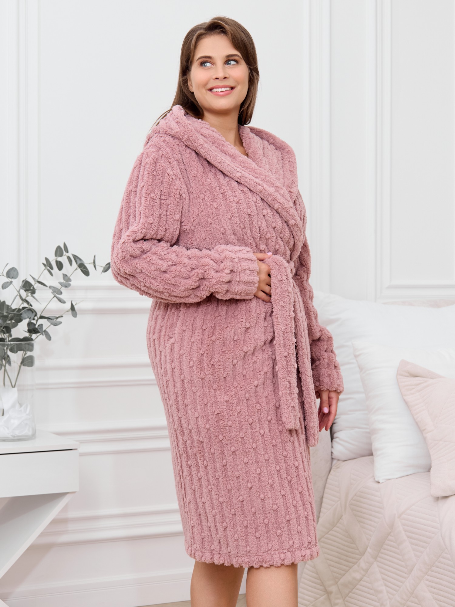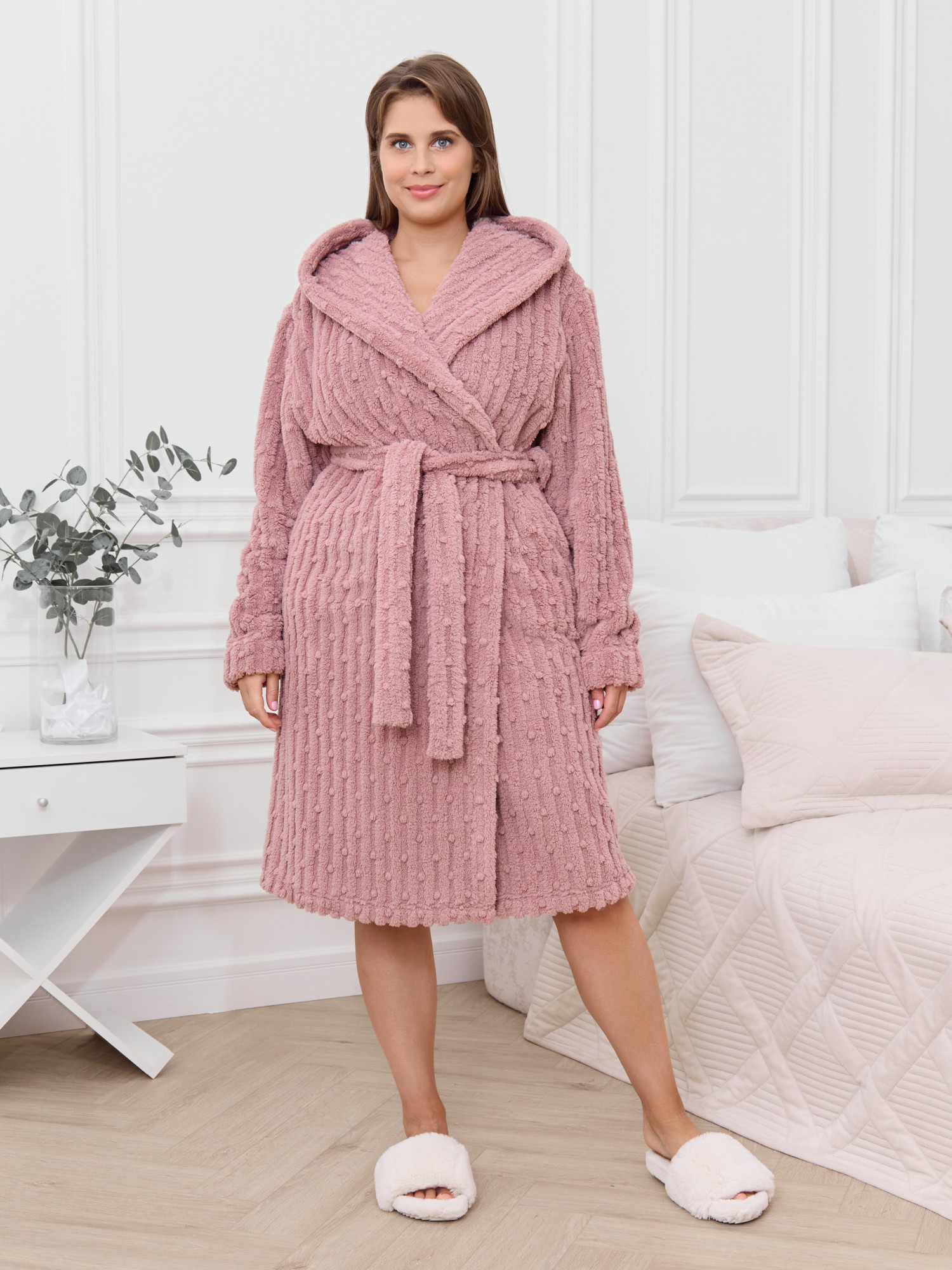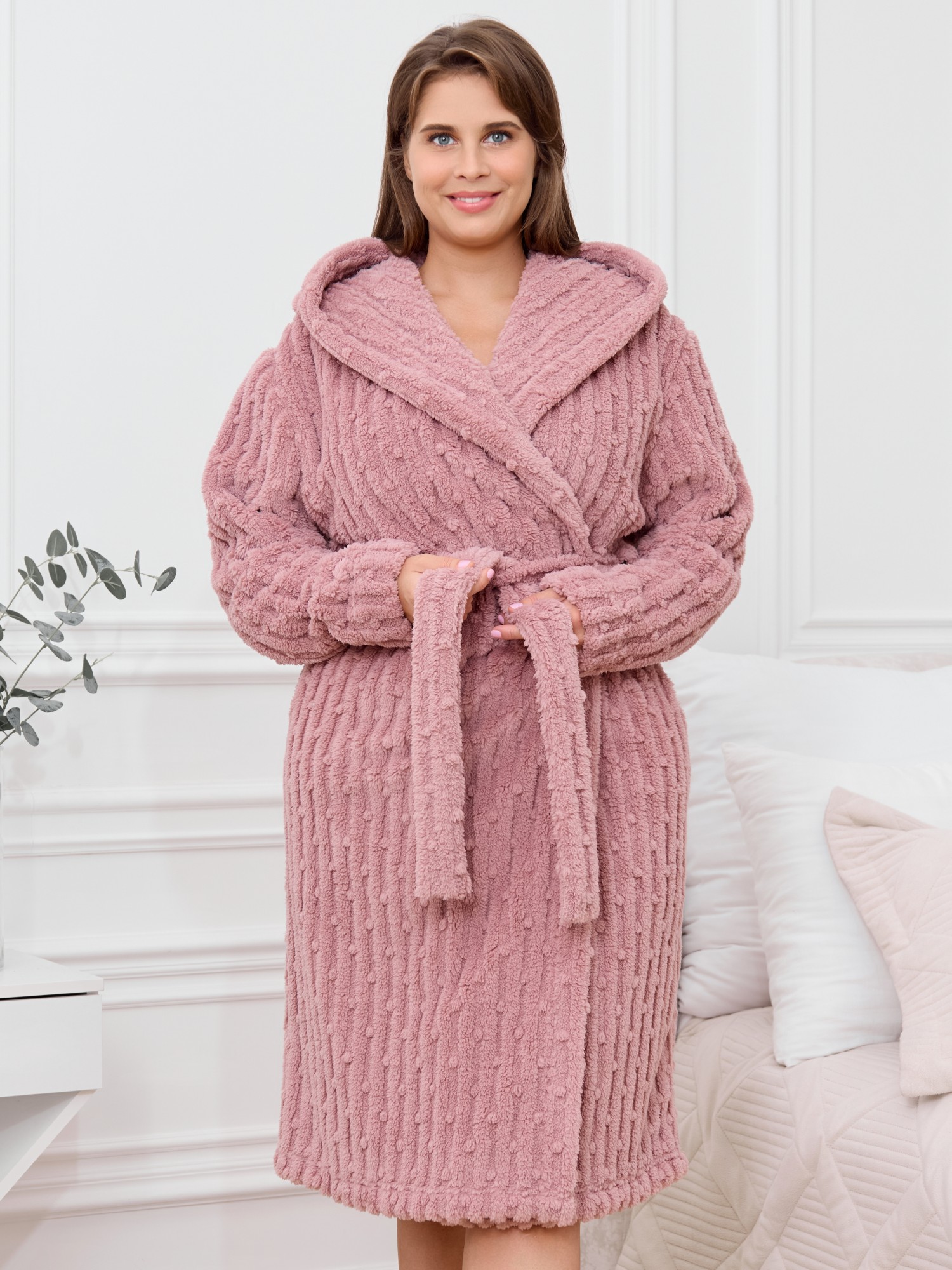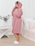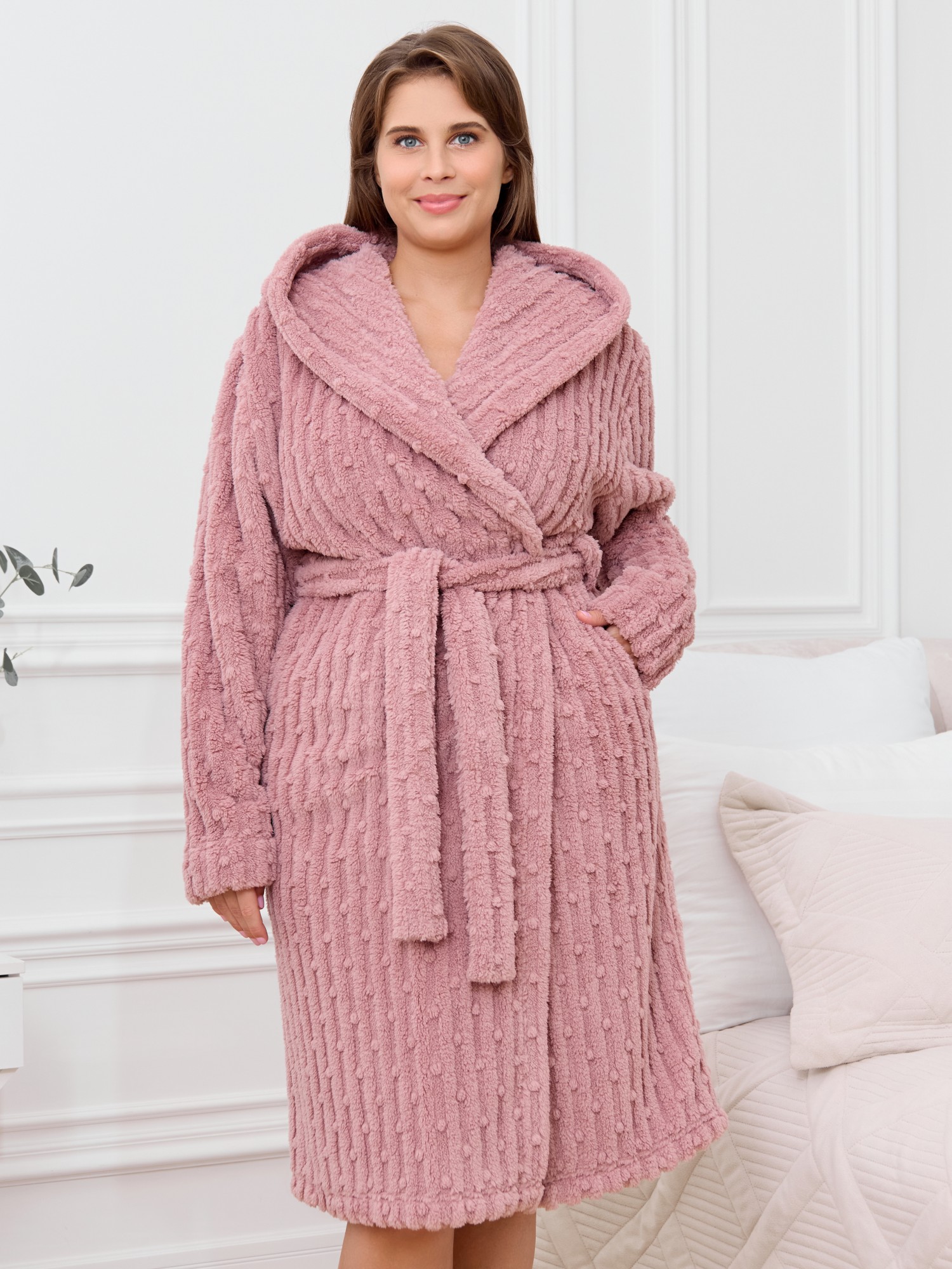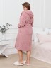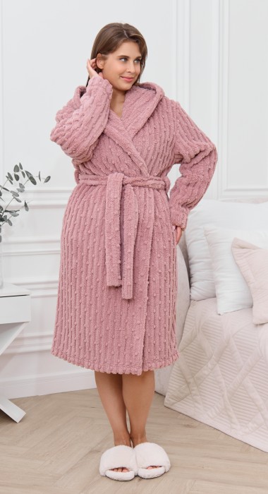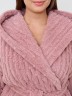 Халат женский из гладкокрашенного трикотажного полотна «велсофт» со стриженым рисунком, прямого силуэта, на запахе, с длинными втачными рукавами, капюшоном, карманами в боковых швах и съемным поясом, фиксирующимся на талии двумя шлевками в боковых швах.
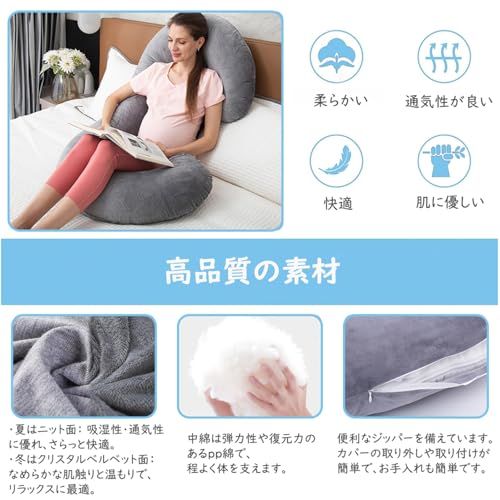 C型抱き枕 マタニティ 授乳クッション 横向き寝 背もたれ 抱きまくら 大きい ふわふわ 取り外し可能カバー付き 妊婦 プレゼント 人気 (ねずみいろ)☆彡
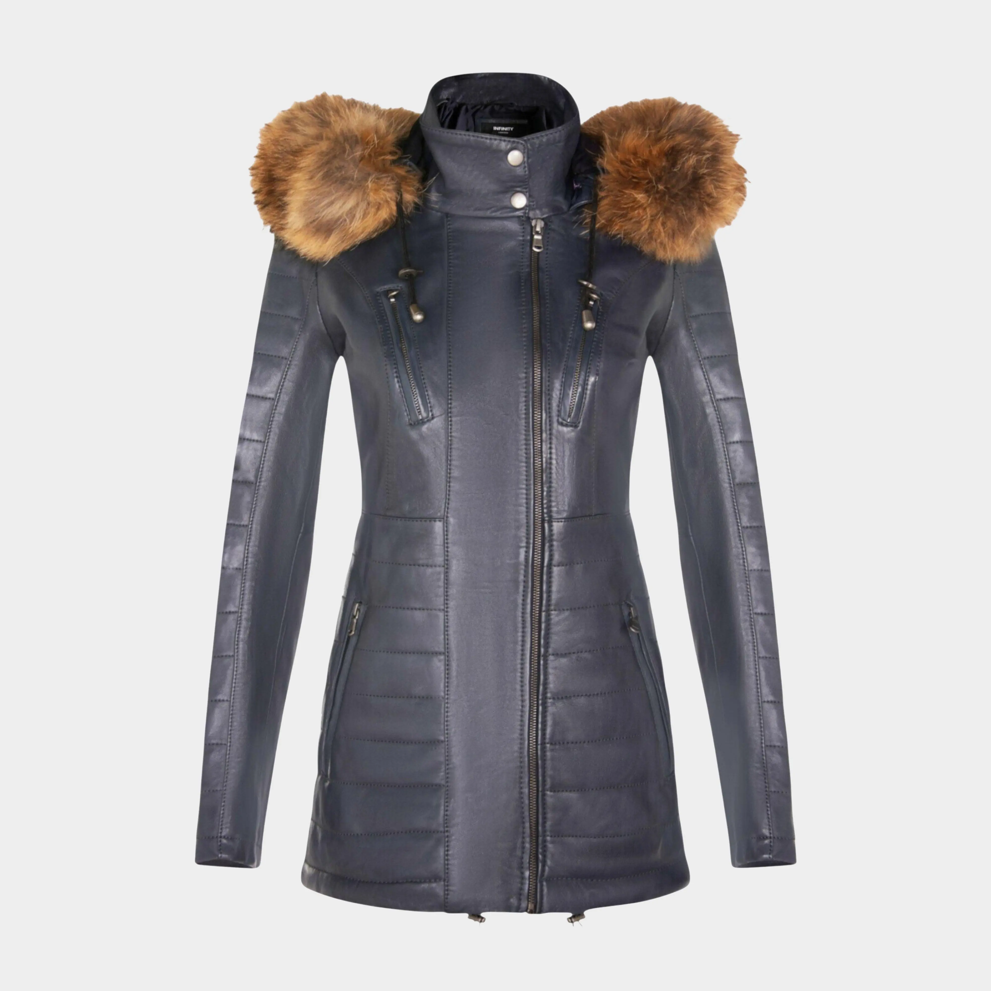 Elevate your winter wardrobe with our slim-fit Women's Leather Parka Jacket, a perfect choice for staying warm and stylish in colder weather. Crafted from 100% premium ultra-soft Nappa leather, this jacket offers a luxurious and comfortable feel._Here's what sets it apart:Detachable Fur-Lined Hood: The jacket features a detachable fur-lined hood, providing both warmth and an exuberant look that adds a touch of sophistication to your winter attire.Functional Zip Pockets: Four zip pockets on the jacket front, tabbed for easy opening, offer secure and convenient storage for your essentials.Luxurious Quilted Detailing: Quilted detailing on the sleeves and waist adds a touch of luxury and texture to the jacket's design, enhancing its visual appeal.High Stand Collar: The high stand collar, fastened with press studs, not only keeps you warm but also adds a chic and elegant element to the overall look.Zipped Cuffs: Zipped cuffs provide added adjustability and style, allowing you to customize the sleeve length according to your preference._This Women's Leather Parka Jacket combines fashion, functionality, and premium quality, making it a must-have addition to your winter wardrobe for a chic and cozy look.
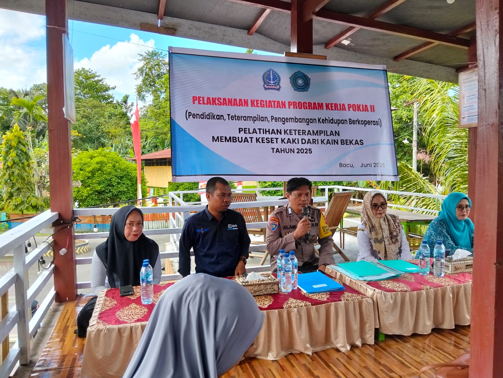 Bripka Samsu Alam dalam sambutannya menyampaikan apresiasi atas inisiatif desa yang terus berupaya membekali warganya dengan keterampilan produktif. “Kami dari pihak kepolisian sangat mendukung kegiatan positif seperti ini. Semoga melalui pelatihan ini, masyarakat bisa lebih mandiri dan kreatif, serta mampu menciptakan peluang usaha baru,” ujarnya.
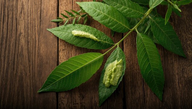 Medicinal Neem leaves with paste on a wooden surface, promoting herbal benefits
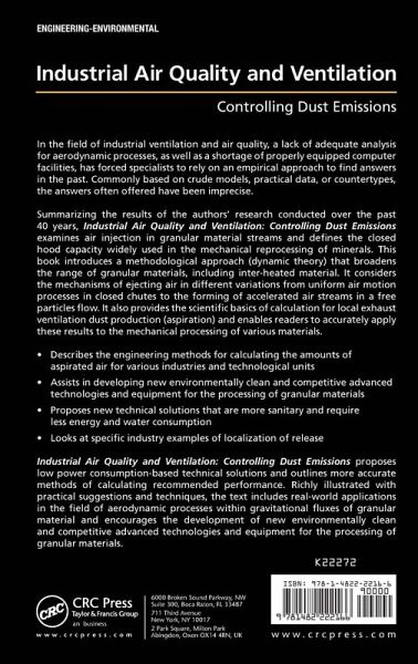 In the field of industrial ventilation and air quality, a lack of adequate analysis for aerodynamic processes, as well as a shortage of properly equipped computer facilities, has forced specialists to rely on an empirical approach to find answers in the past. Commonly based on crude models, practical data, or countertypes, the answers often offered have been imprecise. Summarizing the results of the authors' research conducted over the past 40 years, Industrial Air Quality and Ventilation: Controlling Dust Emissions examines air injection in granular material streams and defines the closed hood capacity widely used in the mechanical reprocessing of minerals. This book introduces a methodological approach (dynamic theory) that broadens the range of granular materials, including inter-heated material. It considers the mechanisms of ejecting air in different variations from uniform air motion processes in closed chutes to the forming of accelerated air streams in a free particles flow. It also provides the scientific basics of calculation for local exhaust ventilation dust production (aspiration), and enables readers to accurately apply these results to the mechanical processing of various materials. ¿ Describes the engineering methods for calculating the amounts of aspirated air for various industries and technological units ¿ Assists in developing new environmentally clean and competitive advanced technologies and equipment for the processing of granular materials ¿ Proposes new technical solutions that are more sanitary and require less energy and water consumption ¿ Looks at specific industry examples of localization of release Industrial Air Quality and Ventilation: Controlling Dust Emissions proposes low power consumption-based technical solutions and outlines more accurate methods of calculating recommended performance. Richly illustrated with practical suggestions and techniques, the text includes real-world applications in the field of aerodynamic processes within gravitational fluxes of granular material, and encourages the development of new environmentally clean and competitive advanced technologies and equipment for the processing of granular materials.
══════════
Restate word for word only the lines from where the entries begin through the one with "Medicinal Neem leaves"; omit the pictures.

 Халат женский из гладкокрашенного трикотажного полотна «велсофт» со стриженым рисунком, прямого силуэта, на запахе, с длинными втачными рукавами, капюшоном, карманами в боковых швах и съемным поясом, фиксирующимся на талии двумя шлевками в боковых швах.
 C型抱き枕 マタニティ 授乳クッション 横向き寝 背もたれ 抱きまくら 大きい ふわふわ 取り外し可能カバー付き 妊婦 プレゼント 人気 (ねずみいろ)☆彡
 Elevate your winter wardrobe with our slim-fit Women's Leather Parka Jacket, a perfect choice for staying warm and stylish in colder weather. Crafted from 100% premium ultra-soft Nappa leather, this jacket offers a luxurious and comfortable feel._Here's what sets it apart:Detachable Fur-Lined Hood: The jacket features a detachable fur-lined hood, providing both warmth and an exuberant look that adds a touch of sophistication to your winter attire.Functional Zip Pockets: Four zip pockets on the jacket front, tabbed for easy opening, offer secure and convenient storage for your essentials.Luxurious Quilted Detailing: Quilted detailing on the sleeves and waist adds a touch of luxury and texture to the jacket's design, enhancing its visual appeal.High Stand Collar: The high stand collar, fastened with press studs, not only keeps you warm but also adds a chic and elegant element to the overall look.Zipped Cuffs: Zipped cuffs provide added adjustability and style, allowing you to customize the sleeve length according to your preference._This Women's Leather Parka Jacket combines fashion, functionality, and premium quality, making it a must-have addition to your winter wardrobe for a chic and cozy look.
 Bripka Samsu Alam dalam sambutannya menyampaikan apresiasi atas inisiatif desa yang terus berupaya membekali warganya dengan keterampilan produktif. “Kami dari pihak kepolisian sangat mendukung kegiatan positif seperti ini. Semoga melalui pelatihan ini, masyarakat bisa lebih mandiri dan kreatif, serta mampu menciptakan peluang usaha baru,” ujarnya.
 Medicinal Neem leaves with paste on a wooden surface, promoting herbal benefits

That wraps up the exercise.